YOUR INSTRUCTIONS: Below are some entries; reproduce them exactly and leave every picture out.
BEGIN RECORDS FOR PROCESSING
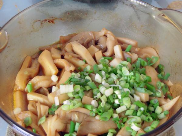 2、锅内适量的油,放入双菇煸炒,放入适量的五香粉、糖、生抽翻匀。
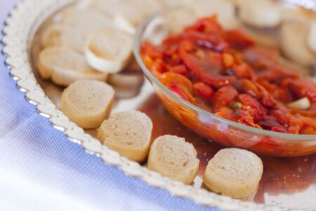 Sourdough Slices and Peppers on Serving Tray.
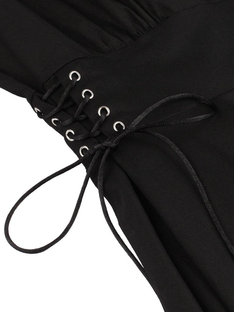 Robe de Costume D'Halloween à Manches Courtes et Col Carré, Coupe A-Line/Princess, Longueur Genou
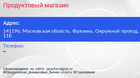 Продуктовый магазин по адресу 141196, Московская область, Фрязино, Окружной проезд, 11Б в дальнейшем Организация, размещена в следующих категориях:
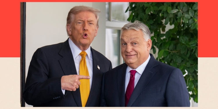 O presidente americano Donald Trump, à esquerda, e líder húngaro Viktor Orbán, à direita
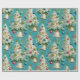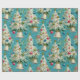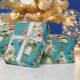 Papel De Presente Azul-Árvores-de-Natal Brancas
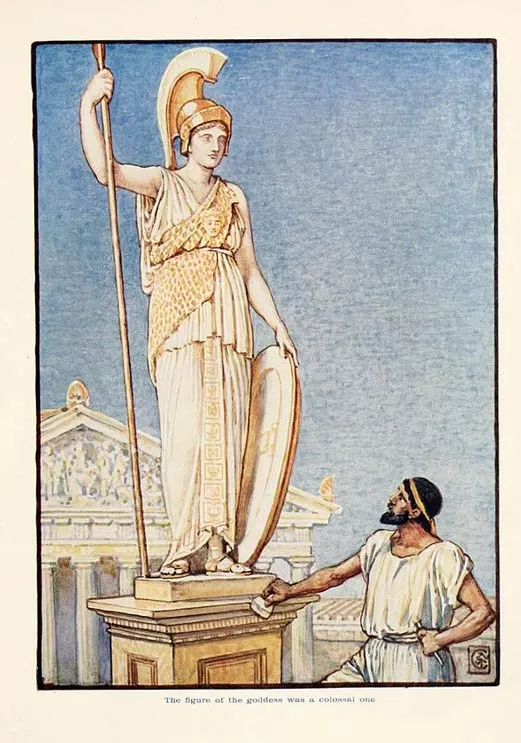 Η τεράστια ποσότητα χρυσού έδωσε αφορμή στους εχθρούς του Φειδία να τον κατηγορήσουν για κατάχρηση. Ο Φειδίας απέδειξε την αθωότητά του, επειδή ο Περικλής τον είχε συμβουλέψει να κάνει το χρυσό ένδυμα της Αθηνάς συναρμολογούμενο. Έτσι μπόρεσε να το αποσυναρμολογήσει και να το ζυγίσει. Το βάρος του χρυσού βρέθηκε ακέραιο κι έτσι ο Φειδίας αθωώθηκε. Όμως κατόπιν κατηγορήθηκε για αλαζονεία επειδή στην εξωτερική όψη της ασπίδας της Αθηνάς, που έφερε ανάγλυφη Αμαζονομαχία, παρέστησε σε δύο Αθηναίους πολεμιστές το πορτρέτο του Περικλή και το δικό του. Ο Φειδίας συνελήφθη και καταδικάστηκε.
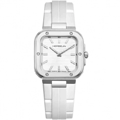 Son boîtier en acier carré, d’inspiration néo-vintage, s’allie à un bracelet en élastomère FKM blanc, un matériau doux, souple et agréable au porté.
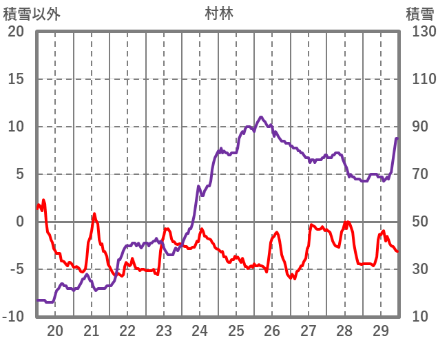 | 日 | 時 | 気温 | 降水 | 風向/風速 | 日照 | 積雪 | 降雪 |
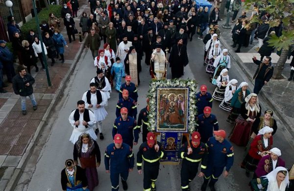 Με τις δέουσες τιμές η Λαμία υποδέχθηκε πιστό αντίγραφο της Ιεράς Εικόνος της Παναγίας Πεφανερωμένης από τη Λευκάδα
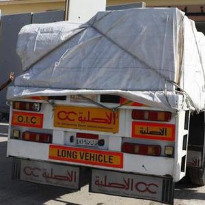 10月21日,在拉法口岸埃及一侧,装载有人道援助物资的货车准备通过拉法口岸。新华社发(艾哈迈德·戈马摄)
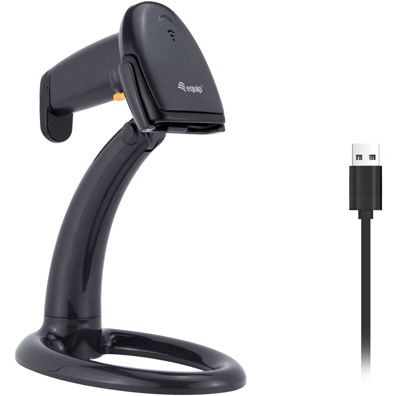 Equip USB 1D-Barcodescanner, mit Ständer. Typ: Tragbares Barcodelesegerät, Scanner-Typ: 1D, Sensor-Typ: LED. Übertragungstechnik: Kabelgebunden, Standard-Schnittstellen: USB, Kabellänge: 1,8 m. Produktfarbe: Schwarz, Gehäusematerial: Acrylnitril-Butadien-Styrol (ABS), Internationale Schutzart (IP-Code): IP54. Energiequelle: USB, Eingangsspannung: 5 V, Eingangsstrom: 0.1 A. Gewicht: 121 g, Breite: 69 mm, Tiefe: 91 mm
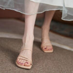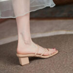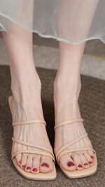 - Four straps, low-block heels, and a matte finish add more elegance and class to its look.
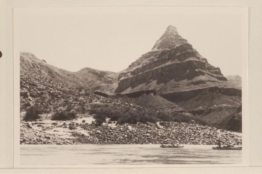 The "Dock" cruising up Grand Canyon at about Mile 223. Diamond Peak is just right of center
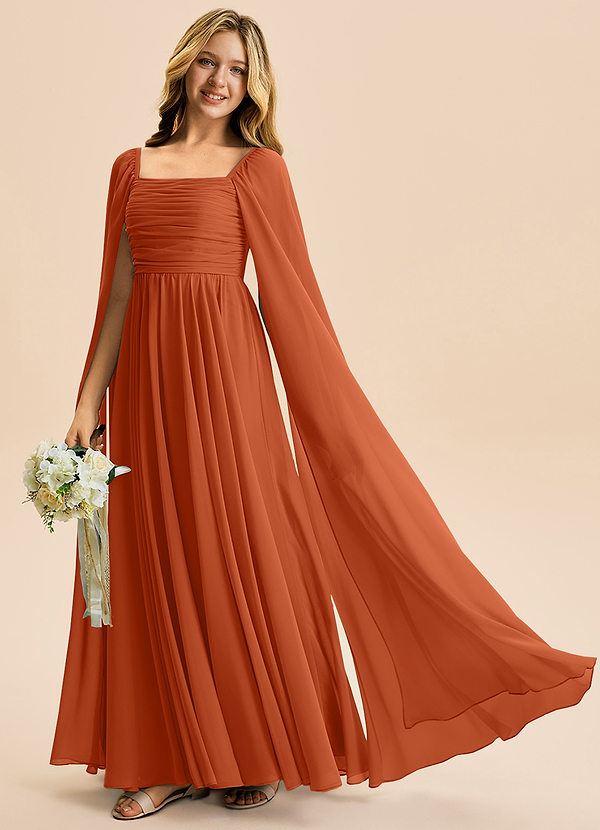 Burnt Orange A-Line Pleated Chiffon Dress
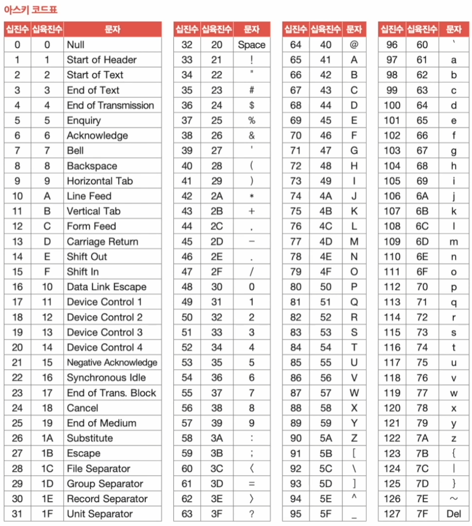 - 7비트로 하나의 문자 표현(128개의 문자표현 가능(2의 7승))
END RECORDS FOR PROCESSING
EXERCISE RESPONSE:
 2、锅内适量的油,放入双菇煸炒,放入适量的五香粉、糖、生抽翻匀。
 Sourdough Slices and Peppers on Serving Tray.
 Robe de Costume D'Halloween à Manches Courtes et Col Carré, Coupe A-Line/Princess, Longueur Genou
 Продуктовый магазин по адресу 141196, Московская область, Фрязино, Окружной проезд, 11Б в дальнейшем Организация, размещена в следующих категориях:
 O presidente americano Donald Trump, à esquerda, e líder húngaro Viktor Orbán, à direita
 Papel De Presente Azul-Árvores-de-Natal Brancas
 Η τεράστια ποσότητα χρυσού έδωσε αφορμή στους εχθρούς του Φειδία να τον κατηγορήσουν για κατάχρηση. Ο Φειδίας απέδειξε την αθωότητά του, επειδή ο Περικλής τον είχε συμβουλέψει να κάνει το χρυσό ένδυμα της Αθηνάς συναρμολογούμενο. Έτσι μπόρεσε να το αποσυναρμολογήσει και να το ζυγίσει. Το βάρος του χρυσού βρέθηκε ακέραιο κι έτσι ο Φειδίας αθωώθηκε. Όμως κατόπιν κατηγορήθηκε για αλαζονεία επειδή στην εξωτερική όψη της ασπίδας της Αθηνάς, που έφερε ανάγλυφη Αμαζονομαχία, παρέστησε σε δύο Αθηναίους πολεμιστές το πορτρέτο του Περικλή και το δικό του. Ο Φειδίας συνελήφθη και καταδικάστηκε.
 Son boîtier en acier carré, d’inspiration néo-vintage, s’allie à un bracelet en élastomère FKM blanc, un matériau doux, souple et agréable au porté.
 | 日 | 時 | 気温 | 降水 | 風向/風速 | 日照 | 積雪 | 降雪 |
 Με τις δέουσες τιμές η Λαμία υποδέχθηκε πιστό αντίγραφο της Ιεράς Εικόνος της Παναγίας Πεφανερωμένης από τη Λευκάδα
 10月21日,在拉法口岸埃及一侧,装载有人道援助物资的货车准备通过拉法口岸。新华社发(艾哈迈德·戈马摄)
 Equip USB 1D-Barcodescanner, mit Ständer. Typ: Tragbares Barcodelesegerät, Scanner-Typ: 1D, Sensor-Typ: LED. Übertragungstechnik: Kabelgebunden, Standard-Schnittstellen: USB, Kabellänge: 1,8 m. Produktfarbe: Schwarz, Gehäusematerial: Acrylnitril-Butadien-Styrol (ABS), Internationale Schutzart (IP-Code): IP54. Energiequelle: USB, Eingangsspannung: 5 V, Eingangsstrom: 0.1 A. Gewicht: 121 g, Breite: 69 mm, Tiefe: 91 mm
 - Four straps, low-block heels, and a matte finish add more elegance and class to its look.
 The "Dock" cruising up Grand Canyon at about Mile 223. Diamond Peak is just right of center
 Burnt Orange A-Line Pleated Chiffon Dress
 - 7비트로 하나의 문자 표현(128개의 문자표현 가능(2의 7승))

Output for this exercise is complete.